**RECORDS PROVIDED**.
———

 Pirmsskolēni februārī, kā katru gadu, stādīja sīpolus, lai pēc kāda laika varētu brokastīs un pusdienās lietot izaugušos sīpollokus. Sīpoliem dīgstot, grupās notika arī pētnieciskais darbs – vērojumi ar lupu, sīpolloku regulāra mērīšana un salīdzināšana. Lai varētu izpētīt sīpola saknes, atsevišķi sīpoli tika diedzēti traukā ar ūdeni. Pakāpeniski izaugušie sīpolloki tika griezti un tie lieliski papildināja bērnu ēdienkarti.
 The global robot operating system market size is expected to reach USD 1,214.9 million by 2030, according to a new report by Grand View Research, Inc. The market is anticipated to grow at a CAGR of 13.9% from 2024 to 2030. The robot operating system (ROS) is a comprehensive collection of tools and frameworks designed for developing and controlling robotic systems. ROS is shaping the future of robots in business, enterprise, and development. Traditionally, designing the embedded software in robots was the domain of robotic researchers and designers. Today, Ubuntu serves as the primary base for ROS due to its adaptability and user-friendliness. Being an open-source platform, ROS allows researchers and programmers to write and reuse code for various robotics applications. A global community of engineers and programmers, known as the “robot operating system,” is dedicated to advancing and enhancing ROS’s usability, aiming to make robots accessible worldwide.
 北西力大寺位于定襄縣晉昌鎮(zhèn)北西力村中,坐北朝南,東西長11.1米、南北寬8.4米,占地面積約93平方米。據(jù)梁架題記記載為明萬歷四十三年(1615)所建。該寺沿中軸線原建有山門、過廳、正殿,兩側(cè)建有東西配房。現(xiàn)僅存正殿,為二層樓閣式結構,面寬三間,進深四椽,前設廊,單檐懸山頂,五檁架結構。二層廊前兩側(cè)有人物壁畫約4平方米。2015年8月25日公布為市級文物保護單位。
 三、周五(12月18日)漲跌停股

———

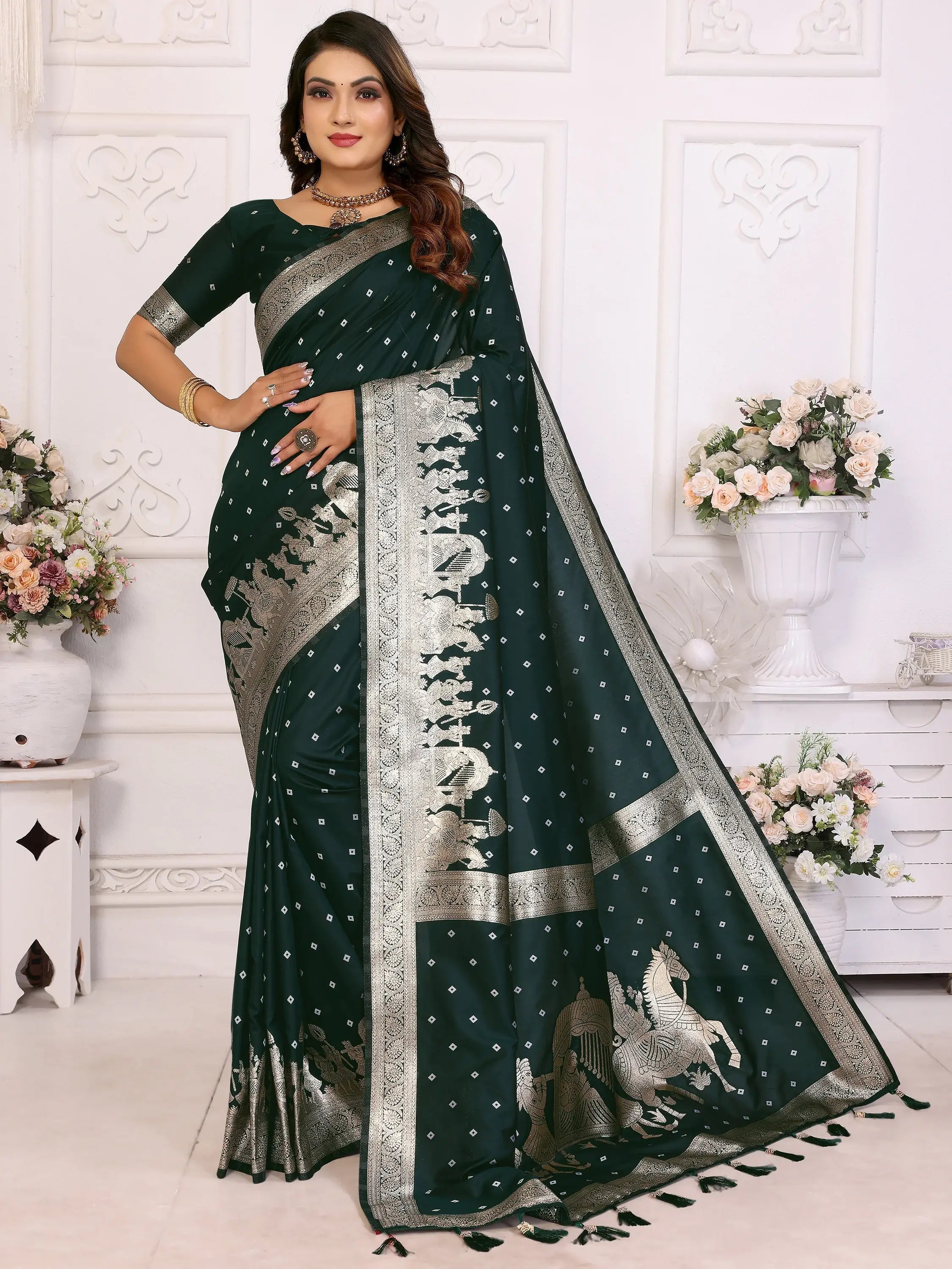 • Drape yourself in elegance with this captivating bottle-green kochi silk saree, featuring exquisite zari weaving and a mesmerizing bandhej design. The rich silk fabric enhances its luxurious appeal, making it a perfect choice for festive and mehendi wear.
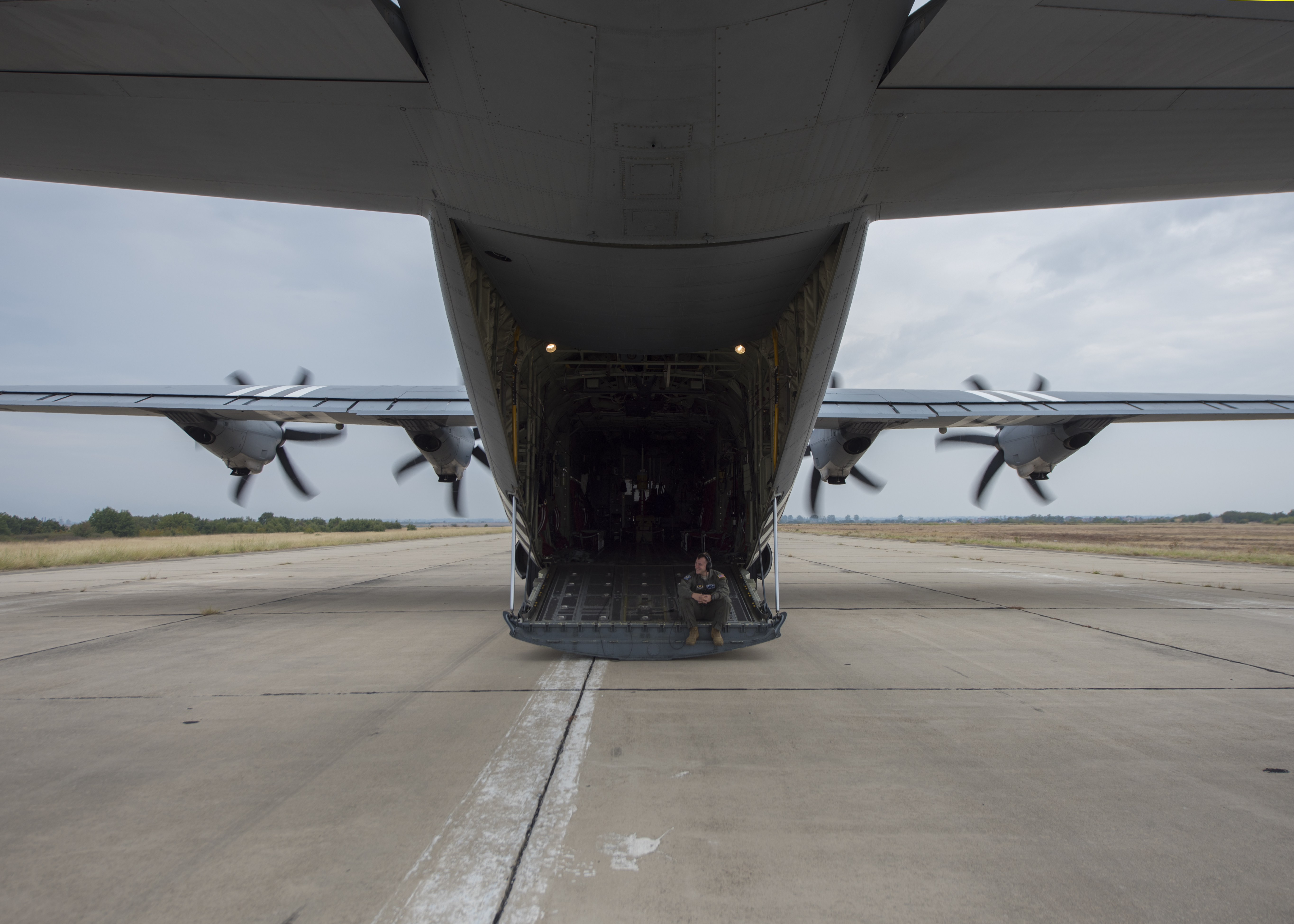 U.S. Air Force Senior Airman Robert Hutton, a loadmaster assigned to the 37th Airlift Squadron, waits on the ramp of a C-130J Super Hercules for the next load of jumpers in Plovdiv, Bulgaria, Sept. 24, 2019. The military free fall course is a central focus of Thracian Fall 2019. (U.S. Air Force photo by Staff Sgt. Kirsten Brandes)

———

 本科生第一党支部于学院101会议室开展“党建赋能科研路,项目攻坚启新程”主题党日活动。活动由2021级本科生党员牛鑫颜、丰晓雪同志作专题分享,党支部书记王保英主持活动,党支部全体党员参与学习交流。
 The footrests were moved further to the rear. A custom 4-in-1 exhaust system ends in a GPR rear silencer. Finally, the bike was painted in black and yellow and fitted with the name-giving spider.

———

**AIM OF THE EXERCISE**.
In the listing above, locate the line containing "北西力大寺位于定襄縣晉昌鎮(zhèn)北" and the line containing "三、周五(12月18日)漲跌停股". Transcribe those two lines and everything between them, exactly as written.

**YOUR RESPONSE**.
 北西力大寺位于定襄縣晉昌鎮(zhèn)北西力村中,坐北朝南,東西長11.1米、南北寬8.4米,占地面積約93平方米。據(jù)梁架題記記載為明萬歷四十三年(1615)所建。該寺沿中軸線原建有山門、過廳、正殿,兩側(cè)建有東西配房。現(xiàn)僅存正殿,為二層樓閣式結構,面寬三間,進深四椽,前設廊,單檐懸山頂,五檁架結構。二層廊前兩側(cè)有人物壁畫約4平方米。2015年8月25日公布為市級文物保護單位。
 三、周五(12月18日)漲跌停股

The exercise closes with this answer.